Collection entries:
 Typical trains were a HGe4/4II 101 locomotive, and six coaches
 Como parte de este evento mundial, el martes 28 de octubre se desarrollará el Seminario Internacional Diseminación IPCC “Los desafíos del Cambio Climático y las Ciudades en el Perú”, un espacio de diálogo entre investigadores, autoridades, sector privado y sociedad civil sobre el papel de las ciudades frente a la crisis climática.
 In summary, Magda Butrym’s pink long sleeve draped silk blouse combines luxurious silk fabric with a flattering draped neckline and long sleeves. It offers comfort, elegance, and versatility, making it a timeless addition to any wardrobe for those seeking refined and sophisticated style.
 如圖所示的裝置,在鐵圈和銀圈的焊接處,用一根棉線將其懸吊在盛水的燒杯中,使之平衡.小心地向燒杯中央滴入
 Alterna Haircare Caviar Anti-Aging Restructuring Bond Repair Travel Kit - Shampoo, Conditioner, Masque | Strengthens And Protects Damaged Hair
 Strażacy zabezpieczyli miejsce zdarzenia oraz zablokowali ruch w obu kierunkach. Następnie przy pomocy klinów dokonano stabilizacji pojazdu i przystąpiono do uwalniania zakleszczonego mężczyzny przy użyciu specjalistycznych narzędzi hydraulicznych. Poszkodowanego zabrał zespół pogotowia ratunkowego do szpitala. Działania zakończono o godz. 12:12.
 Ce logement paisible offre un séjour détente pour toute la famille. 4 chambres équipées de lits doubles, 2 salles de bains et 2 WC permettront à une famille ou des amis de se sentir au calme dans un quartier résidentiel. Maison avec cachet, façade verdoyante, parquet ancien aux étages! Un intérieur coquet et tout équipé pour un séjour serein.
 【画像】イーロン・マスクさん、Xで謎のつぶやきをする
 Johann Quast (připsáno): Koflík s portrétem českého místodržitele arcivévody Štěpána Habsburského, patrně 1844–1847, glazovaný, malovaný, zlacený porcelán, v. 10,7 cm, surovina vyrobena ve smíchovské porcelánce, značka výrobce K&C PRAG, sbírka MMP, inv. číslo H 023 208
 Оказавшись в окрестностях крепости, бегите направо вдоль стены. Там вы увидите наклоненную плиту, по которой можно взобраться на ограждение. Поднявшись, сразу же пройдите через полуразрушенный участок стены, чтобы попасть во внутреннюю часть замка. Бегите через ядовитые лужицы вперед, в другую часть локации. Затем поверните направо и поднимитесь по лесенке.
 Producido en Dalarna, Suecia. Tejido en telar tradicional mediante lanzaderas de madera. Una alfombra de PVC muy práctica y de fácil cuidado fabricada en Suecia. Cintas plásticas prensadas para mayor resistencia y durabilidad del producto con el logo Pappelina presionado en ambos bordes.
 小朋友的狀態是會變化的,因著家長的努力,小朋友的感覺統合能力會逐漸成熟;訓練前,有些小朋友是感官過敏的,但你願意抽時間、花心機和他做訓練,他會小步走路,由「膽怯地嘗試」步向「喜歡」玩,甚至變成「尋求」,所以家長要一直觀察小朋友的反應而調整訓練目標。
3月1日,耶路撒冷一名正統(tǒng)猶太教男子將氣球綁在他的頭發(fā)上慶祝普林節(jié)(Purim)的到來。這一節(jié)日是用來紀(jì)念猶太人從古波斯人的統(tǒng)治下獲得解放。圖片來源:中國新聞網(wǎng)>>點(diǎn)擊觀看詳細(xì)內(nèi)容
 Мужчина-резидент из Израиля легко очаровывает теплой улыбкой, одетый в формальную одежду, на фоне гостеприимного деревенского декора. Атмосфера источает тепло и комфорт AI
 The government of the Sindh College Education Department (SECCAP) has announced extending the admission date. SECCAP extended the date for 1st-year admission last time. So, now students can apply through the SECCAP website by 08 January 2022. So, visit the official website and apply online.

> _Directions for this task_: Could you write out all the records exactly, please?

> _Problem solution_:
 Typical trains were a HGe4/4II 101 locomotive, and six coaches
 Como parte de este evento mundial, el martes 28 de octubre se desarrollará el Seminario Internacional Diseminación IPCC “Los desafíos del Cambio Climático y las Ciudades en el Perú”, un espacio de diálogo entre investigadores, autoridades, sector privado y sociedad civil sobre el papel de las ciudades frente a la crisis climática.
 In summary, Magda Butrym’s pink long sleeve draped silk blouse combines luxurious silk fabric with a flattering draped neckline and long sleeves. It offers comfort, elegance, and versatility, making it a timeless addition to any wardrobe for those seeking refined and sophisticated style.
 如圖所示的裝置,在鐵圈和銀圈的焊接處,用一根棉線將其懸吊在盛水的燒杯中,使之平衡.小心地向燒杯中央滴入
 Alterna Haircare Caviar Anti-Aging Restructuring Bond Repair Travel Kit - Shampoo, Conditioner, Masque | Strengthens And Protects Damaged Hair
 Strażacy zabezpieczyli miejsce zdarzenia oraz zablokowali ruch w obu kierunkach. Następnie przy pomocy klinów dokonano stabilizacji pojazdu i przystąpiono do uwalniania zakleszczonego mężczyzny przy użyciu specjalistycznych narzędzi hydraulicznych. Poszkodowanego zabrał zespół pogotowia ratunkowego do szpitala. Działania zakończono o godz. 12:12.
 Ce logement paisible offre un séjour détente pour toute la famille. 4 chambres équipées de lits doubles, 2 salles de bains et 2 WC permettront à une famille ou des amis de se sentir au calme dans un quartier résidentiel. Maison avec cachet, façade verdoyante, parquet ancien aux étages! Un intérieur coquet et tout équipé pour un séjour serein.
 【画像】イーロン・マスクさん、Xで謎のつぶやきをする
 Johann Quast (připsáno): Koflík s portrétem českého místodržitele arcivévody Štěpána Habsburského, patrně 1844–1847, glazovaný, malovaný, zlacený porcelán, v. 10,7 cm, surovina vyrobena ve smíchovské porcelánce, značka výrobce K&C PRAG, sbírka MMP, inv. číslo H 023 208
 Оказавшись в окрестностях крепости, бегите направо вдоль стены. Там вы увидите наклоненную плиту, по которой можно взобраться на ограждение. Поднявшись, сразу же пройдите через полуразрушенный участок стены, чтобы попасть во внутреннюю часть замка. Бегите через ядовитые лужицы вперед, в другую часть локации. Затем поверните направо и поднимитесь по лесенке.
 Producido en Dalarna, Suecia. Tejido en telar tradicional mediante lanzaderas de madera. Una alfombra de PVC muy práctica y de fácil cuidado fabricada en Suecia. Cintas plásticas prensadas para mayor resistencia y durabilidad del producto con el logo Pappelina presionado en ambos bordes.
 小朋友的狀態是會變化的,因著家長的努力,小朋友的感覺統合能力會逐漸成熟;訓練前,有些小朋友是感官過敏的,但你願意抽時間、花心機和他做訓練,他會小步走路,由「膽怯地嘗試」步向「喜歡」玩,甚至變成「尋求」,所以家長要一直觀察小朋友的反應而調整訓練目標。
3月1日,耶路撒冷一名正統(tǒng)猶太教男子將氣球綁在他的頭發(fā)上慶祝普林節(jié)(Purim)的到來。這一節(jié)日是用來紀(jì)念猶太人從古波斯人的統(tǒng)治下獲得解放。圖片來源:中國新聞網(wǎng)>>點(diǎn)擊觀看詳細(xì)內(nèi)容
 Мужчина-резидент из Израиля легко очаровывает теплой улыбкой, одетый в формальную одежду, на фоне гостеприимного деревенского декора. Атмосфера источает тепло и комфорт AI
 The government of the Sindh College Education Department (SECCAP) has announced extending the admission date. SECCAP extended the date for 1st-year admission last time. So, now students can apply through the SECCAP website by 08 January 2022. So, visit the official website and apply online.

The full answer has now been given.